Ich habe das Problem, dass das Wasser in unserem Schwimmteich einen gelb-braunen Stich hat - siehe Bild:


  


Man kann im Schwimmbereich auch nicht mehr bis auf den Boden sehen.


Den Beckenboden habe ich bereits abgesaugt, dabei kamen natürlich jede Menge Mulm und Pflanzenreste zum Vorschein.


Dennoch ändert sich der Wasserzustand nicht - es ist und bleibt trüb.


Ich habe nicht gedüngt bzw. auch sonst keine Mittel ins Teichwasser gegeben.


Was kann ich tun?


----------



## ThorstenC (10. Apr. 2017)

Guten Tag und willkommen im Forum.
Als erstes mit kurzen Text, Bildern ggf. den Teichbau beschreiben und die Technik.
Ansonsten kann man nur raten.

Kurz zum "Was kann ich tun?":
Vielleicht gar nichts und abwarten...

Wie verliefen die letzten Jahre im Teich?? Jetzt im Frühjahr steigen die Temp. und Sonnenstunden...somit wachsen einzellige Algen in braun und grün...

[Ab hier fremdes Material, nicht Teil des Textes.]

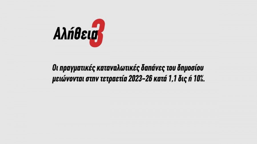 Ως "τρίτη αλήθεια", ανέφερε πως "σύμφωνα με τους αριθμούς του Προγράμματος Σταθερότητας, οι πρωτογενείς καταναλωτικές δαπάνες του δημοσίου", δηλαδή "οι δημόσιες δαπάνες που καλύπτουν την δημόσια παιδεία, την υγεία, την πολιτική προστασία, την ασφάλεια των πολιτών, μεταξύ 2023 και 2026, σε ονομαστικούς όρους, παραμένουν στάσιμες στα επίπεδα των 11,6 δις ευρώ".

Braun können aber auch Huminsäuren sein durch Faulprozesse...Schlammschichten..

Wie sieht der Kies denn aus- wie dick ist denn die Kiesschicht und was passiert, wenn man man handtief den Kies umwälzt??
Viel Schlamm dazwischen??


----------



## ThorstenC (10. Apr. 2017)

Ach- gerade gefunden- voriges Jahr war es "Grün" und es kamen schon Tips...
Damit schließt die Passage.